Input material:
***

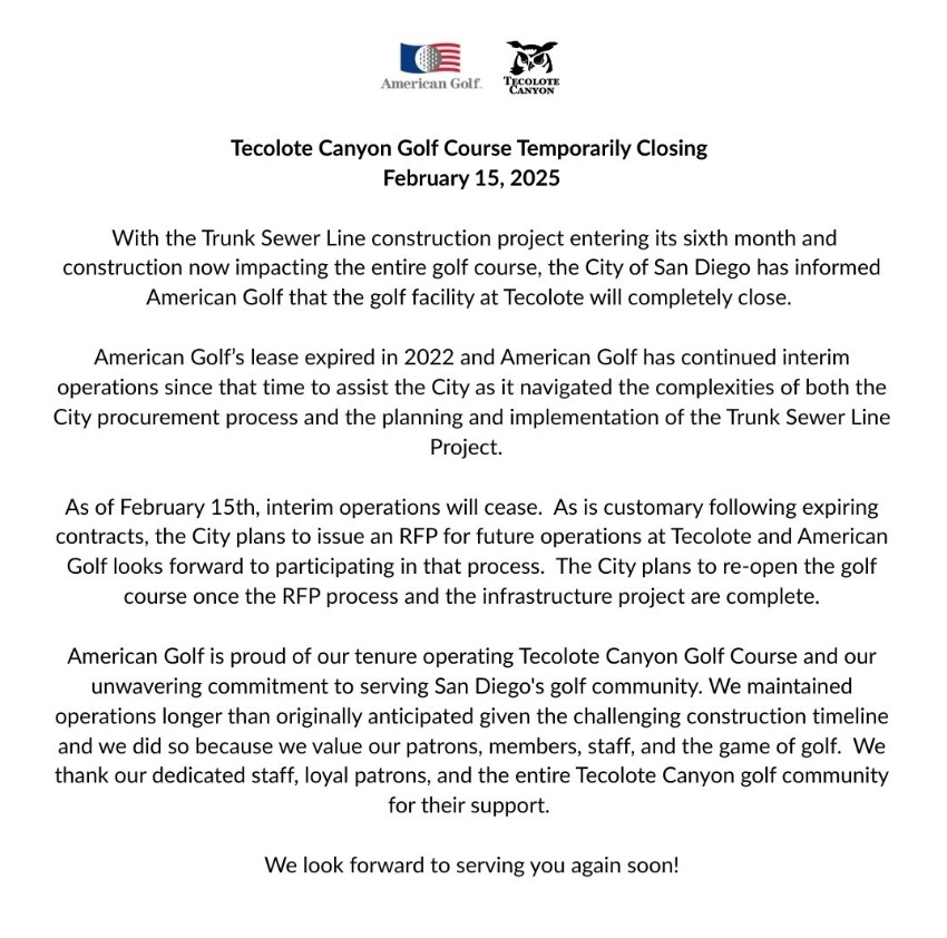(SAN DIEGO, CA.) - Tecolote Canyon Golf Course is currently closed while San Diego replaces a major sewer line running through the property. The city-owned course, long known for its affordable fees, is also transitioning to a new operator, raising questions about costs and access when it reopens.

***

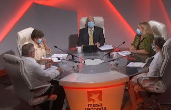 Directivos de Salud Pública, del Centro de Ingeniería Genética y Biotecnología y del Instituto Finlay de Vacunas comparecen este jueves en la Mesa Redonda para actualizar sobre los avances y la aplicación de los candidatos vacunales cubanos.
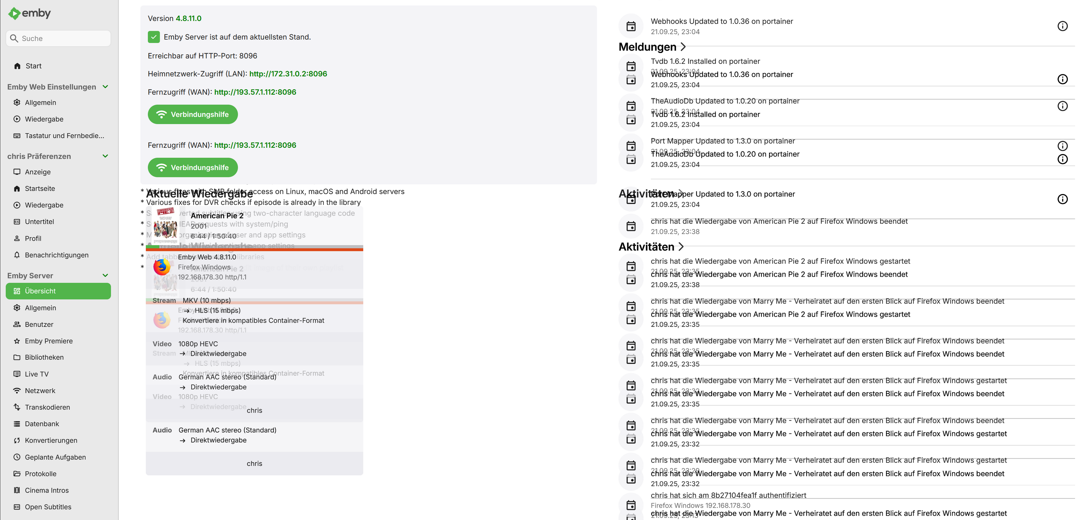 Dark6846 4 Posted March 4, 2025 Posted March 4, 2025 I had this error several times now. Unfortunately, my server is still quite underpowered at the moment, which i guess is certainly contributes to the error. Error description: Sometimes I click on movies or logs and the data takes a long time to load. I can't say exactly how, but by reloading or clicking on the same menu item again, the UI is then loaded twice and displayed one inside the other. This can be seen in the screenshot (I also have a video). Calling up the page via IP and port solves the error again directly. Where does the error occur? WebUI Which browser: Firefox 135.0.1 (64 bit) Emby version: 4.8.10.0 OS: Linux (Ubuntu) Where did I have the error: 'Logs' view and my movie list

***

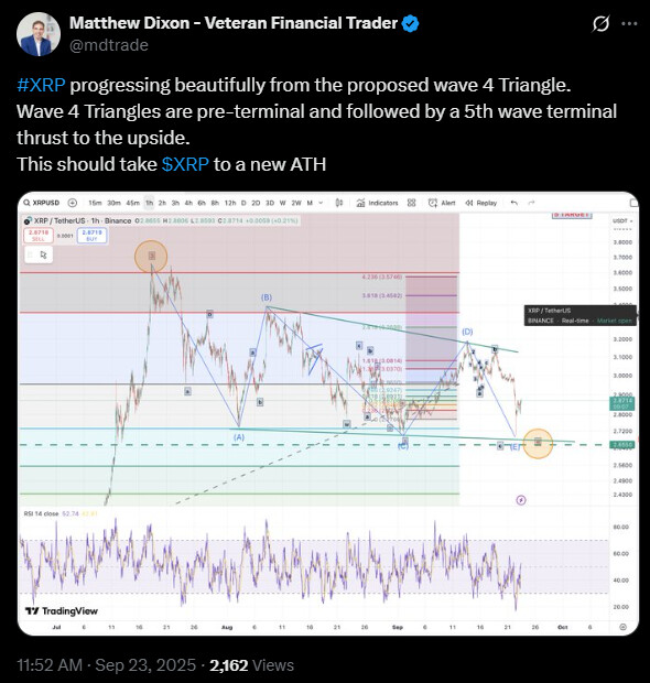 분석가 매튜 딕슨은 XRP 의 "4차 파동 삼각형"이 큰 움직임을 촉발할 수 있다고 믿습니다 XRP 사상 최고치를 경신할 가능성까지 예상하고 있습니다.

***

Only one part of the material above is wanted: the lines from the one with "Directivos de Salud" up to and including the one with "Dark6846 4 Posted". Please copy them exactly, pictures left out.

Exercise result:
 Directivos de Salud Pública, del Centro de Ingeniería Genética y Biotecnología y del Instituto Finlay de Vacunas comparecen este jueves en la Mesa Redonda para actualizar sobre los avances y la aplicación de los candidatos vacunales cubanos.
 Dark6846 4 Posted March 4, 2025 Posted March 4, 2025 I had this error several times now. Unfortunately, my server is still quite underpowered at the moment, which i guess is certainly contributes to the error. Error description: Sometimes I click on movies or logs and the data takes a long time to load. I can't say exactly how, but by reloading or clicking on the same menu item again, the UI is then loaded twice and displayed one inside the other. This can be seen in the screenshot (I also have a video). Calling up the page via IP and port solves the error again directly. Where does the error occur? WebUI Which browser: Firefox 135.0.1 (64 bit) Emby version: 4.8.10.0 OS: Linux (Ubuntu) Where did I have the error: 'Logs' view and my movie list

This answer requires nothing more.